The fact that this movement is built upon false information and lies has not stopped it from gaining potency. And it has been stoked by Trump himself — for instance, the president drove by the march on Saturday morning and waved at supporters on Pennsylvania Avenue on his way to the Trump National Golf Club in Virginia.

And the president has encouraged “Stop the Steal” supporters online as well. Early Sunday morning in the aftermath of the chaos, Trump sent out a tweet that admitted for the first time that Biden had won the election — but then blamed his loss on false conspiracy theories about a rigged election and mistreatment by the media.

Trump’s tweet summed up the futility of Saturday’s march well — it was full of debunked conspiracy theories, that his supporters are nevertheless committed to, while also revealing that their reason for being in the streets is at odds with the reality that the president has lost the contest.

That reality is becoming harder even for Trump to deny as his quixotic efforts to question the results of the election using legal challenges have taken several major blows in recent days. Many lawsuits have been rejected or abandoned in key states, and prominent law firms are withdrawing support for the president.

Trump’s legal machine is falling apart, and unable to alter the final outcome

On Friday, Trump’s legal efforts to overturn the election’s results suffered setbacks in three battleground states — all of which have been declared for Biden.

In Michigan, a state judge rejected a Republican request to halt the certification of the vote in Wayne County — where Detroit sits — as “unwieldy,” according to the New York Times. The GOP had also alleged a variety of inappropriate conduct at polling stations, charges which the judge dismissed as unspecific in some cases, and as “rife with speculation and guesswork” in others.

In Arizona, the Trump campaign abandoned a lawsuit alleging that ballots marked for Trump with felt-tipped markers had been unfairly thrown out — which was inspired by a false rumor — after determining that the number of votes at stake was too small to be meaningful, according to the Times.

And in Pennsylvania, a judge rejected six separate efforts by the Trump campaign to block the counting of nearly 9,000 mail ballots in two counties. The campaign had requested that those ballots be discounted because they were missing some requested information, like addresses or dates on outer envelopes, according to the Washington Post. Even if the ballots had been thrown out, however, the outcome in the state would have remained the same: Biden won Pennsylvania by more than 60,000 votes.

These defections and losses are merely among the latest setbacks to Trump’s efforts to overturn the results of the election through the courts. The Trump campaign and its allies have been filing a dizzying array of lawsuits — so many that, according to Politico, there is no accurate count of how many have been submitted. What is clear, however, is that Trump has a losing record: The campaign has won only one case and lost 15.

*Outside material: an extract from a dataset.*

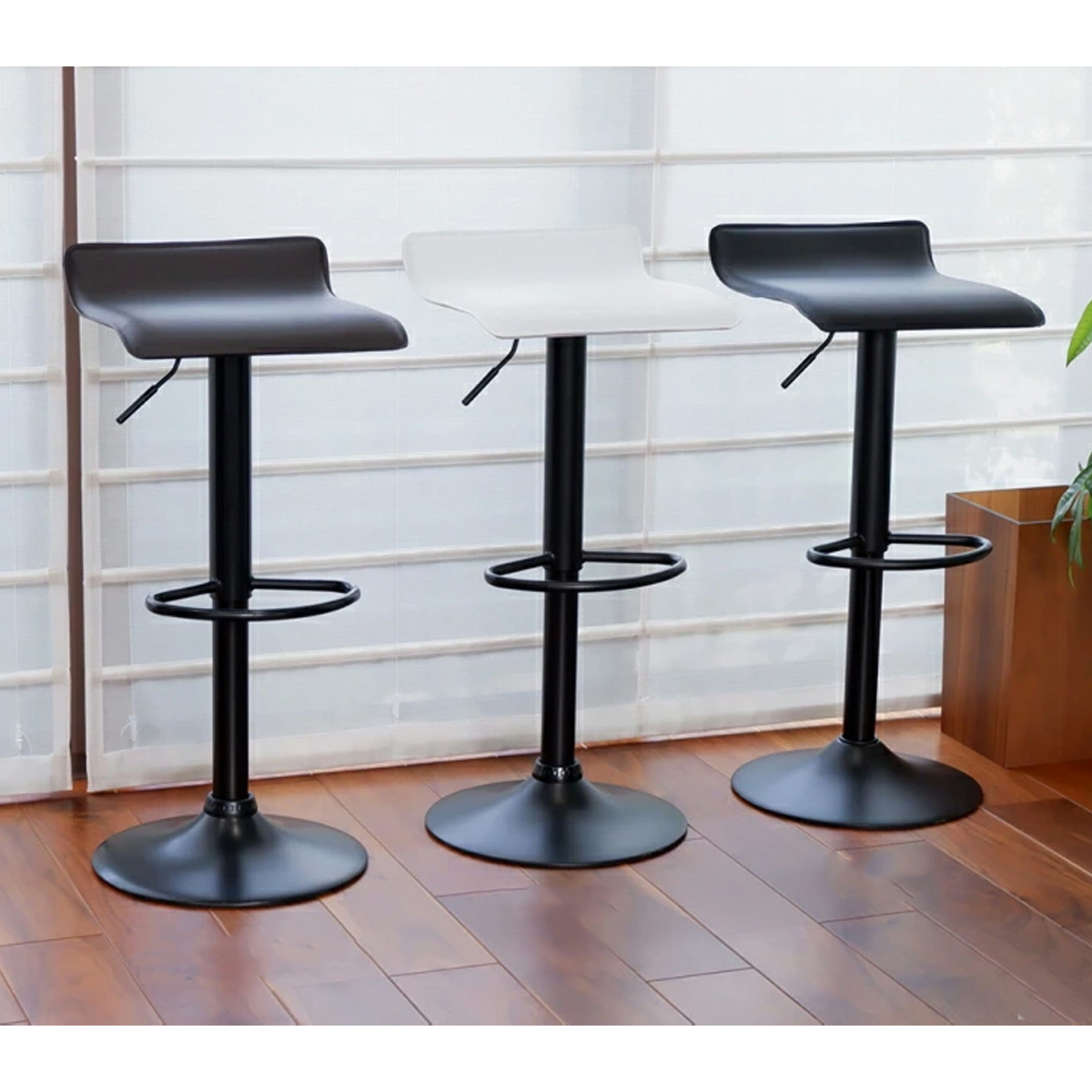Butaca de eco cuero resistente Base metálica color negro con apoyapiés Altura regulable con sistema de gas Altura minima 65.5cm Altura maxima 87cm Medidas del asiento 38,5cm x 38,5cm
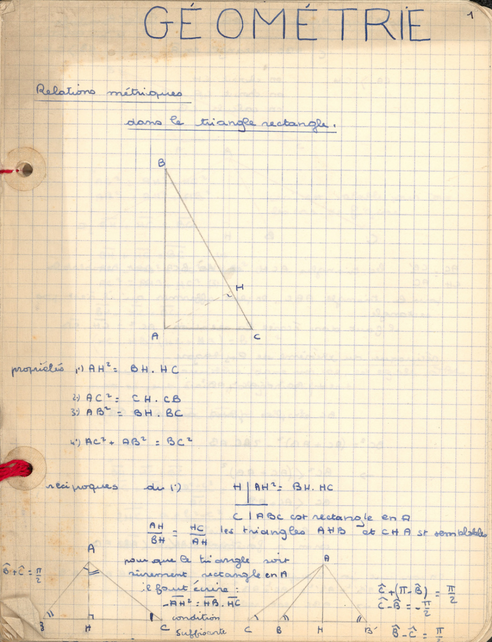 Notes : Il s'agit du cahier de Géométrie de Marie-France Rocquemont (épouse Morel), élève alors scolarisée au lycée Marie Curie de Sceaux (Hauts de Seine, ex-Seine) en classe de Terminale série Mathématiques élémentaires, durant l'année 1958-1959.

And that win — a ruling that Pennsylvania mail-in voters who failed to provide identification on or before November 9 will have their ballots discarded — won’t affect the current vote count. The minor number of ballots that will be affected had not yet been counted.

Despite these losses, and the fact that Biden has begun the work of transitioning into the presidency, Trump has continued to incorrectly claim that the election isn’t over — leading to supporters taking to the streets on his behalf. The president may never concede, but states will certify their results in early December, making legal challenges and false claims more difficult to make.